[Data records]
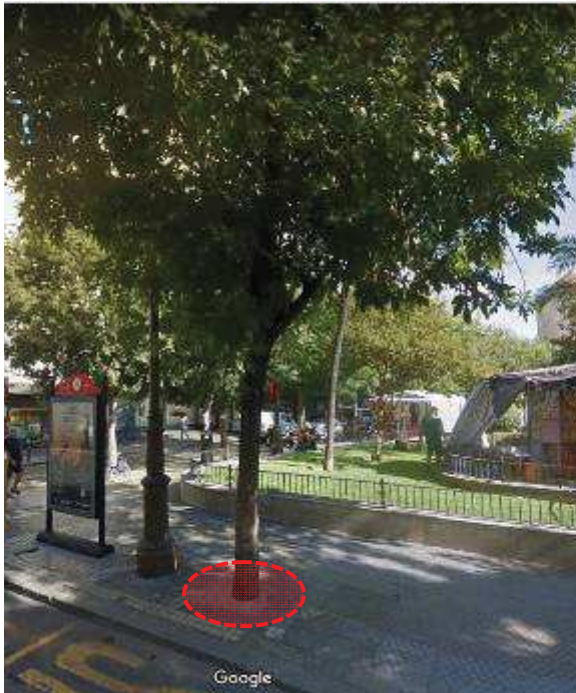
Captura 4. Reducción progresiva del alcorque desde 2012, apareciendo totalmente cegado en agosto del 2016, cuando todavía se aprecia una vegetación aparentemente

Cualquier impedimento al crecimiento secundario de un árbol termina por dañar al cambium que termina por volverse no funcional. Si el daño afecta al 100% de la circunferencia, se produce el “anillamiento” del tronco, rama... dificultándose la comunicación entre las diferentes partes del árbol y por lo tanto el transporte de agua, sales minerales, nutrientes y hormonas. En este caso, la falta de nutrientes unida a la falta de oxígeno producida por la impermeabilización del alcorque, podría estar provocando la muerte del sistema radicular que se constata con un decaimiento generalizado del árbol, tal y como ha venido observando en los últimos años.
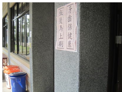
學生觀看口腔保健宣導標語情形
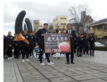
清水エスパルス歓迎式（R6.1.31） 激励品として「鹿児島黒牛」を 贈呈しました。

※ 薩摩おいどんカップ 2024 開催中！ ⇒ https://oidoncup.com
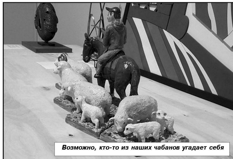
Возможно, кто-то из наших чабанов угадает себя
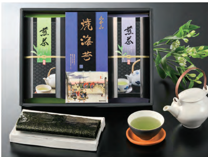
■ YC-DO 税抜 4,000円 (税込 4,400円)

内容 / 山本山焼海苔板のり8枚、川崎園静岡煎茶80g、川崎園静岡煎茶100g 箱サイズ / 275×375×50mm 梱 / 10
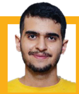
علی‌اکبر قنادری، رئیس‌جمهور

بودجه آموزش عالی کشور کمتر از ۳۳ درصد بودجه کل کشور و حتی پایین تر از بودجه یک دانشگاه برتر دنیا است. در مقایسه با قیمت ارز، آموزش عالی کشور امروز کمتر از ۵۰ درصد بودجه سال ۹۰ را در اختیار دارد. دانشگاه‌ها به مسئولیت‌های اجتماعی، اقتصادی و فرهنگی خود واقفند؛ بنابراین لازم است حمایت‌های مالی از این مراکز صورت بگیرد.
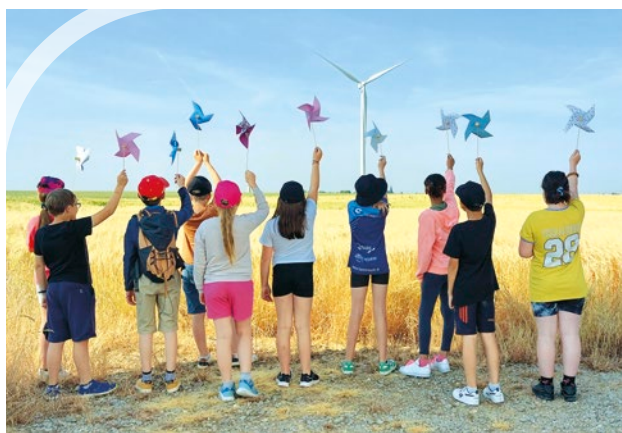
Lors de l'inauguration du parc éolien de la Butte de Menonville à Villars (28)

Et c'est plus de 100 collégiens du collège Marais Poitevin de Benet qui sont arrivés à vélo sur le parc éolien de Benet. Tous ces élèves ont pu visiter le pied d'une éolienne et participer à différents ateliers de sensibilisation. De nombreux échanges interactifs ont ponctué cette journée.
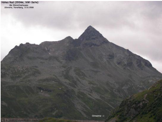
Hohes Rad (Blick von der Bielerhöhe)
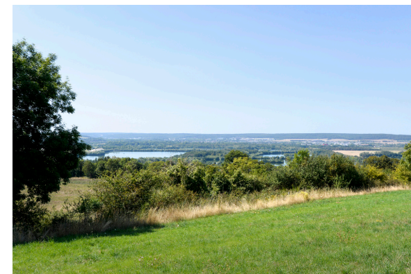
2019-08 Autour de Connelles 2

Balade dans un village en bord de Seine, où quelques curiosités vous attendent : son église, son moulin du XVe siècle dont seules les piles datent de cette époque. Ce village situé dans un vallon à flanc de coteaux a la particularité d'avoir des habitations atypiques dites troglodytes. Ses coteaux surplombant la Seine bénéficient du passage du GR 2 et sont inscrits au programme Natura 2000 et classés comme Zone Importante pour la Conservation des Oiseaux (ZICO). Ils sont propriétés pour certains du Club Alpin Français et très réputés pour leurs falaises d'escalade naturelles.
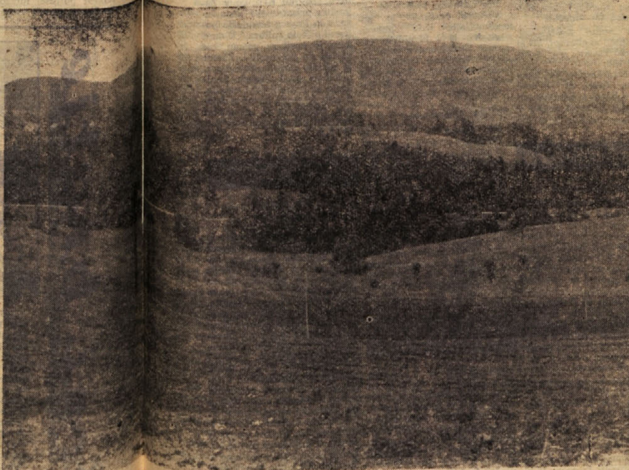
KANDRSKI SADOVNJAK — raztezal s področja zagorske občine tudi v domžalsko občino, in sicer vse do Vojnega dola

● Lahko bi še pisali o teh novih poteh socialističnega sektorja zagorskega kmetijstva. Razumljivo je, da v kratkem obdobju ni mogoče oceniti, če so vse oblike, za katere so se odločili zdaj, najbolj primerne. To bo mogoče z večjo gotovostjo ugotavljati čez leto dni. Ze sedaj pa se je pokazala ena od pozitivnih posledic odcepitve gozdarskega odseka zagorske Kmetijske zadruge je zdaj le začela iskati svoje mesto v kmetijstvu zagorske občine in proučevati možnosti za nadaljnji razvoj in napredek socialističnega sektorja kmetijstva; vzporedno s tem pa tudi za večanje in utrjevanje pogodbenega sodelovanja z individualnimi kmetijskimi proizvajalci. Tekst in foto: (ma)
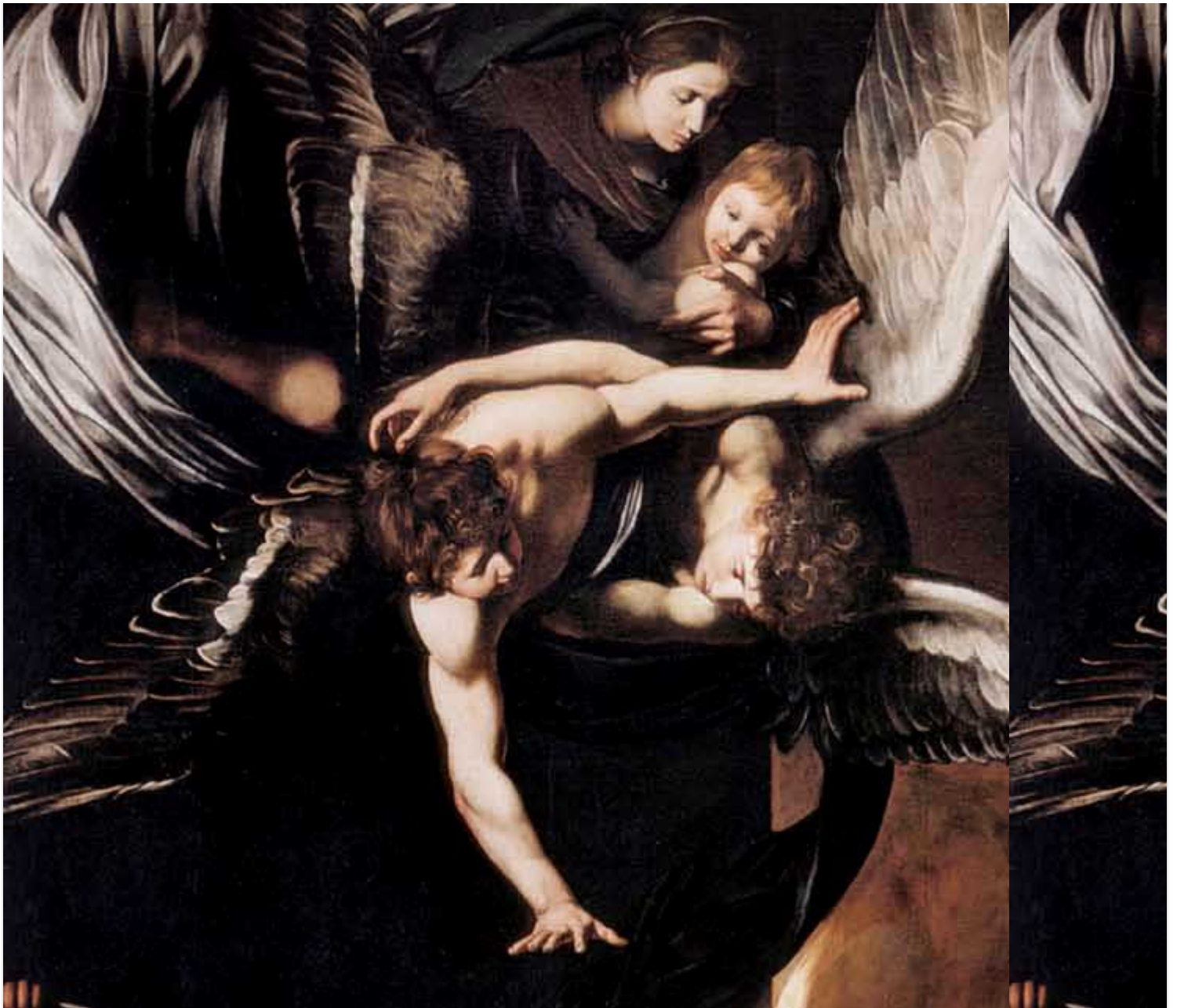
L'effusion de la Miséricorde
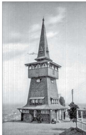
Az 1934-ben átadott épület Rákóczi-kilátóként volt ismert
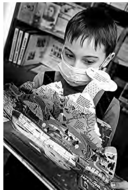
Целый мир – в руках твоих.
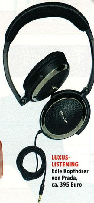
LUXUS-LISTENING Edle Kopfhörer von Prada, ca. 395 Euro
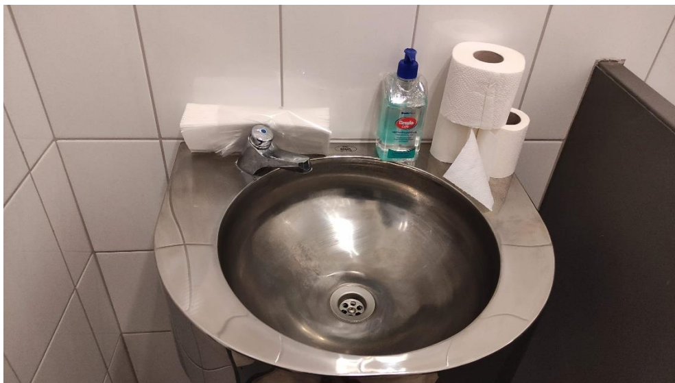
10. Az előállító egység mosdója
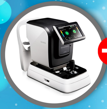
Auto Refractometer Keratometer HRK8000A
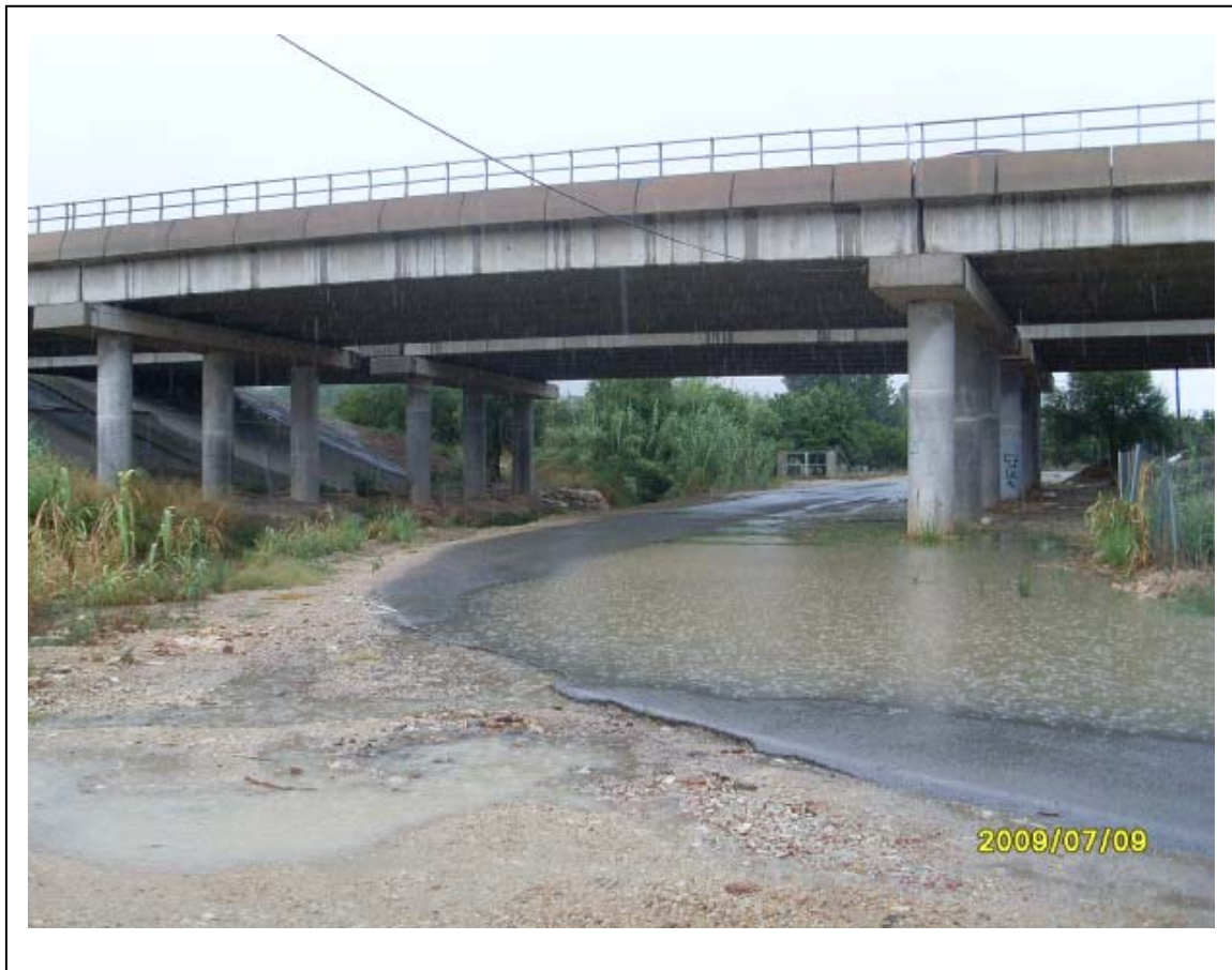
Paso en la AP-7. ALT-306

Durante todo el trazado el cauce se ha visto constreñido por la afección de los campos de cultivos, camino de servicio para acceder a las parcelas, motas de protección de tierra y de mampostería realizadas en tramos de longitud reducida, sin ninguna coordinación, de manera que en alguno de los casos, el cauce se reduce a una acequia de una anchura que no llega a los 2 metros.

#### Action item
"Hohes Rad (Blick von der Bielerhöhe)" marks the first line to copy, and "KANDRSKI SADOVNJAK —" marks the last. Repeat that stretch above exactly, with no pictures.

#### Solution for this exercise
Hohes Rad (Blick von der Bielerhöhe)
2019-08 Autour de Connelles 2

Balade dans un village en bord de Seine, où quelques curiosités vous attendent : son église, son moulin du XVe siècle dont seules les piles datent de cette époque. Ce village situé dans un vallon à flanc de coteaux a la particularité d'avoir des habitations atypiques dites troglodytes. Ses coteaux surplombant la Seine bénéficient du passage du GR 2 et sont inscrits au programme Natura 2000 et classés comme Zone Importante pour la Conservation des Oiseaux (ZICO). Ils sont propriétés pour certains du Club Alpin Français et très réputés pour leurs falaises d'escalade naturelles.
KANDRSKI SADOVNJAK — raztezal s področja zagorske občine tudi v domžalsko občino, in sicer vse do Vojnega dola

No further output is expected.